“Oh sweetie, you will want to sit in the middle,” a smiling and pleasant faced woman encouraged Katie yesterday afternoon as we boarded our car to ride Radiator Springs Racers at Disneyland. “It’s so much safer for you there, honey.”

The ride sits three to a row, and Katie and I were sitting together with Auntie Ashley and Uncle David paired up in the row behind us. That left two empty seats in each row for people willing to ride as single riders.

As I was in the process of guiding Katie back to the middle seat anyway, I found this lady’s remark to be supportive.

Katie looked at me and muttered with a bit of panic in her voice, “But I don’t want to sit next to a stranger!” She was trying to be the five-year-old’s version of quiet and tactful, so of course the lady heard this comment. She immediately said, “It’s okay sweetie. I won’t bother you.” Reassured, Katie was fine. We started talking about the Arizona rocks and reminiscing about our road trip last summer.

The lady joined in. She was somewhere around my mom’s age and her voice was so calming and amiable. She started pointing out things to Katie on the ride. “Ooh look, here’s where we get our car painted! What color do you want to be?”

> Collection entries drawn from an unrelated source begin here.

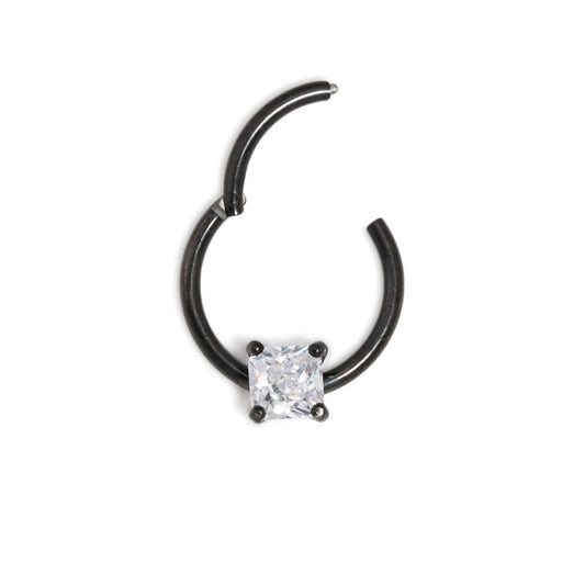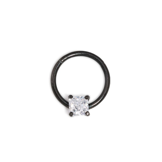 16g Black PVD Septum Clicker with Square Crystal — Price Per 1
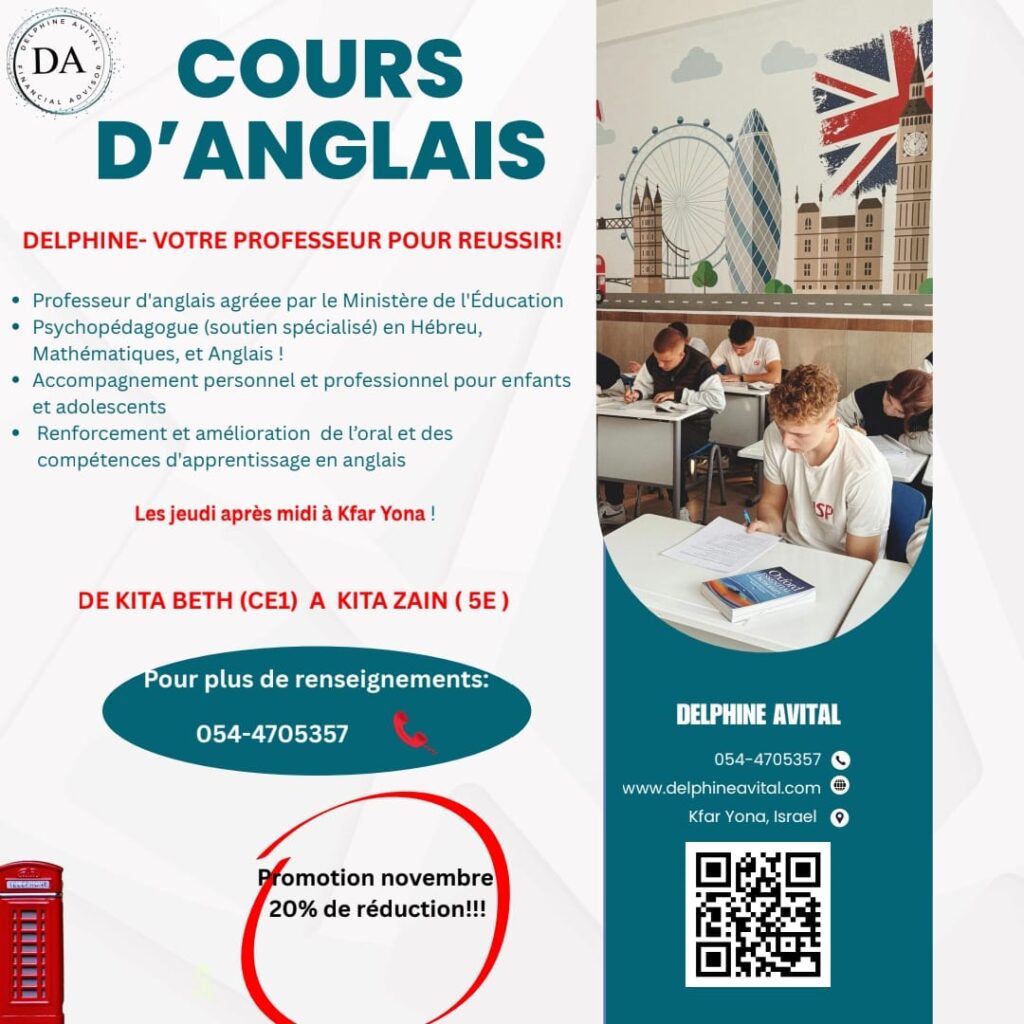 Pour les élèves du CP au CM1, Delphine Avital propose des cours de rattrapage en hébreu et en mathématiques avec des cours particuliers ou en petits groupes, des stratégies d’apprentissage, un renforcement de la confiance en soi, et du matériel adapté aux difficultés et capacités de chaque enfant dans une ambiance ludique. Pour les enfants du CP à la Terminale, des cours d’anglais sont disponibles avec des stratégies spécifiques pour améliorer la maîtrise de la langue, renforcer la confiance en soi à l’oral, et utiliser du matériel adapté et ludique.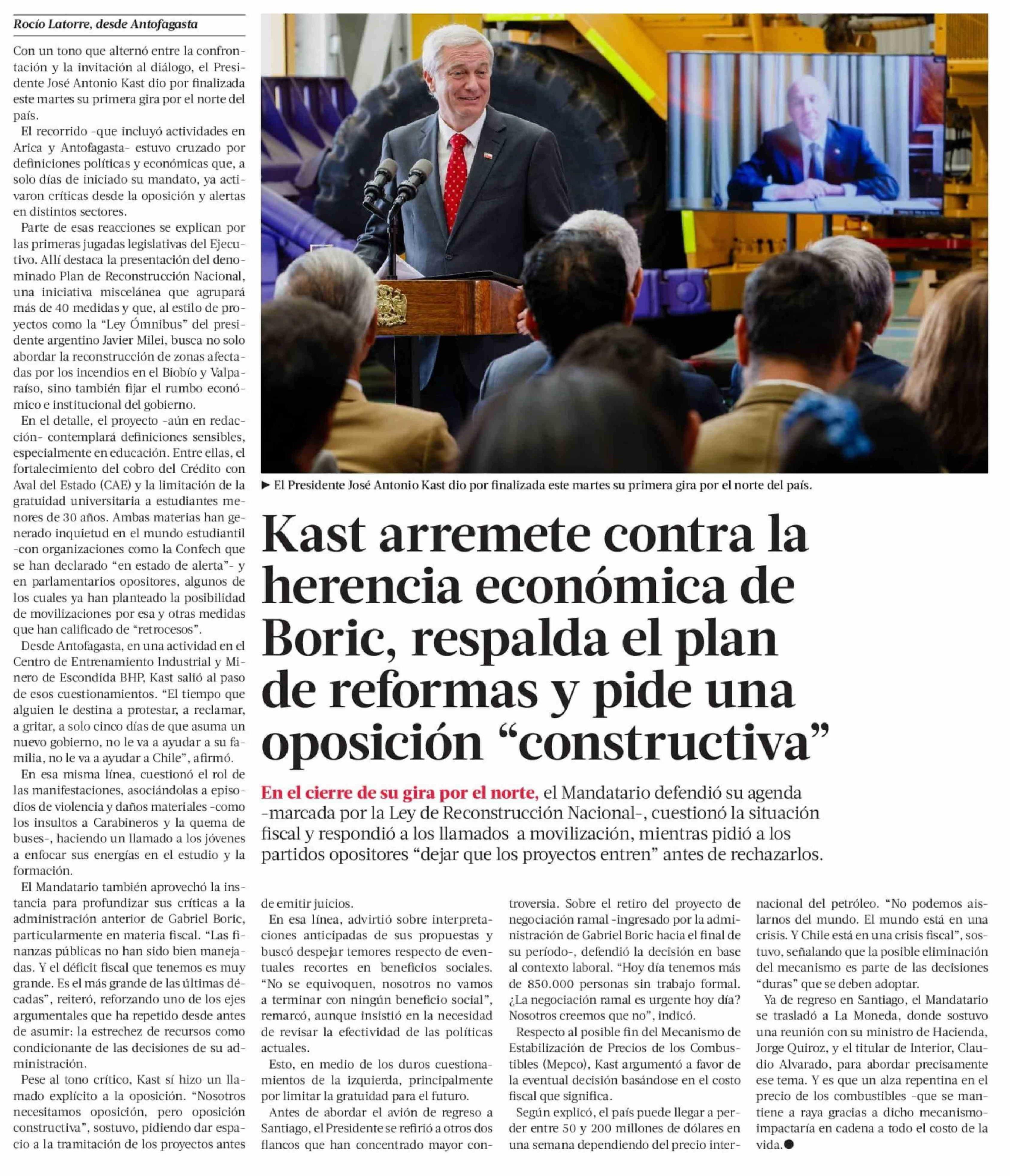 Título: Kast arremete contra la herencia económica de Boric, respalda el plan de reformas y pide una oposición "constructiva"

Eventually we started zooming around the track. All of us were gasping and oohing and ah-ing. Our car “won” the heat. Katie gave her a high five. She and I gave each other high fives. In just that single moment we bonded. As we pulled into the car loading area, I asked her name. “I’m Sarah,” I said. “What’s your name?” As if we were new children meeting for the first time on life’s playground.


We pulled in and started to disembark. For most of my life I was not much of a hugger, but somewhere in high school and then certainly in college and as a teacher I began to change. As I came into my own, I have realized that I am definitely a hugger. I love the idea of touch as a way to connect with others. When we touch, we open up. A hug can be such an expression of authenticity. It can also be quite the opposite: the beautiful part about hugging is that, to do it well, both people are needed to invest. A good hug lingers just a bit but not too long. It communicates that the other person is of value to you.

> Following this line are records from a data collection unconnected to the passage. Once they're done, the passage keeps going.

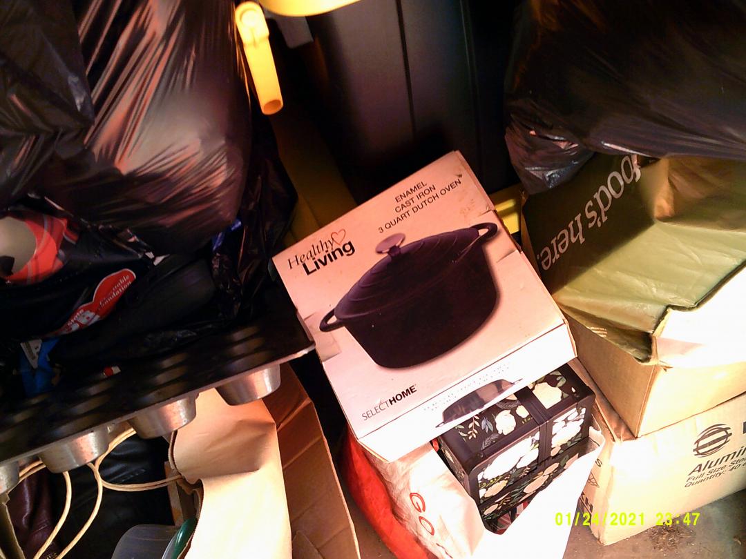 This unit appears to contain…READ ALL AUCTION RULES BEFORE BIDDING!!! Unit appears to contain: Dutch oven, bags, boxes, totes, boots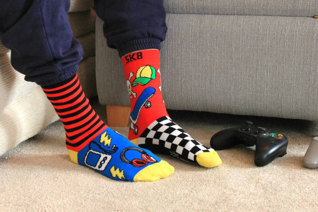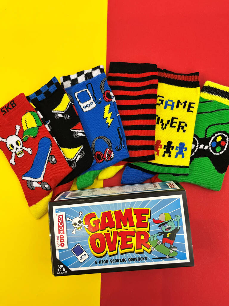 Level Up Your Sock Game: Get ready for the ultimate mash-up of gaming and skating with this box of six "high scoring" individual socks! Make mornings easier and more fun for everyone! With six individual socks that are designed to be mismatched, you can say goodbye to the hassle of hunting for a matching pair. This not only saves parents time and stress but also gives kids a super cool way to express their creativity and unique style, combining their favourite hobbies in a fun, fashionable way.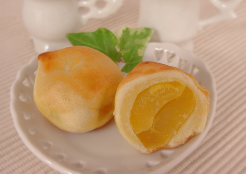栗ひとつぶ を「つなぎ」を使わずに、白あんと、バターをあわせただけのシンプルな生地でつつみました。ほこ ほこ とした焼き上り。その独特の風味が人気の理由です。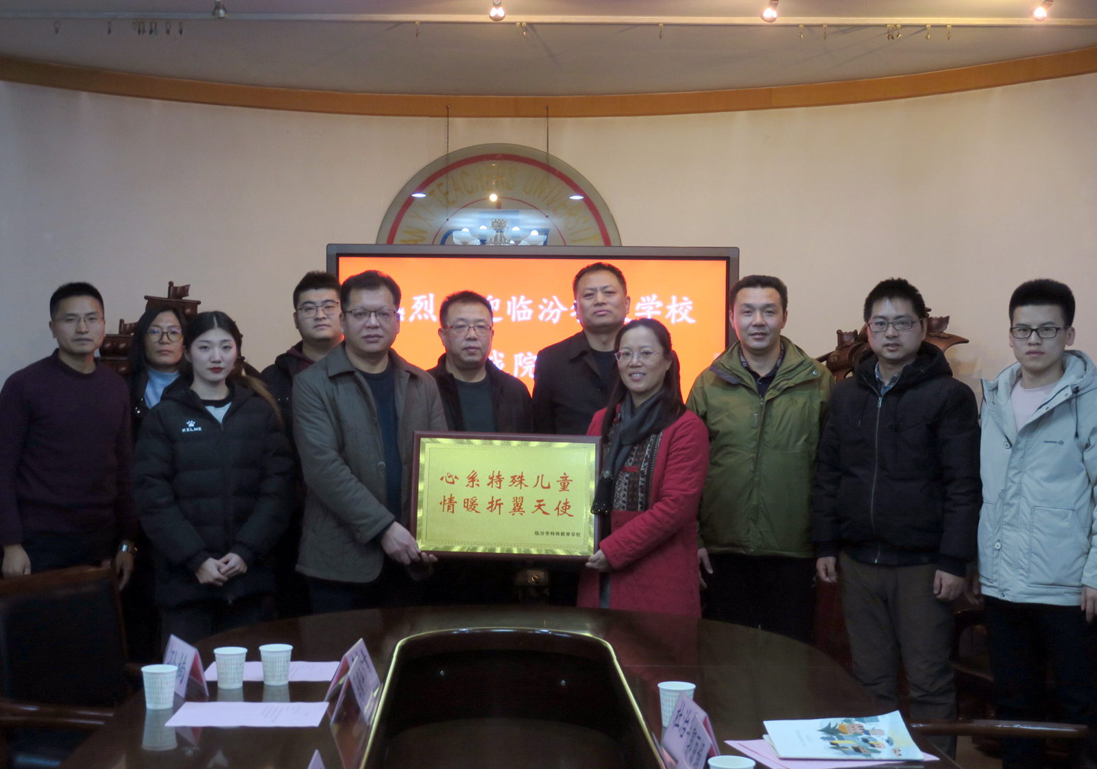 许国宝对临汾特教学校一行人的到来表示热烈欢迎,并介绍我院的基本情况。他强调要进一步加强大学生服务社会的能力,积极倡导大学生参加社会实践活动,以“不忘初心、牢记使命”主题教育为契机,进一步落实好“立德树人”的根本任务,不断增强基层党建的引领作用,打造品牌活动,形成特色。最后,特教学校向我院赠送牌匾并合影留念。(闫培烨/文)

That said, I try not to invade personal space if I get any sort of vibe that it might be unwelcome. There are some in my family who have described themselves as “not huggers.” I get that. No judgement. I used to feel the same way—so I do try to be cautious. A person who is not a hugger is no less than tortured when finding himself or herself in an embrace.

But there was something about Rhonda. Maybe she is a hugger, too. Maybe there was something in her voice. Sometimes people just meet and are on the same wavelength. I wish I knew more about that wavelength business. If I could quantify it, I would write a book about it. One of life’s most blindingly beautiful gifts is coming across someone on your same wavelength. Why and how does it happen? Genes? A shared essence? Something more inexplicable?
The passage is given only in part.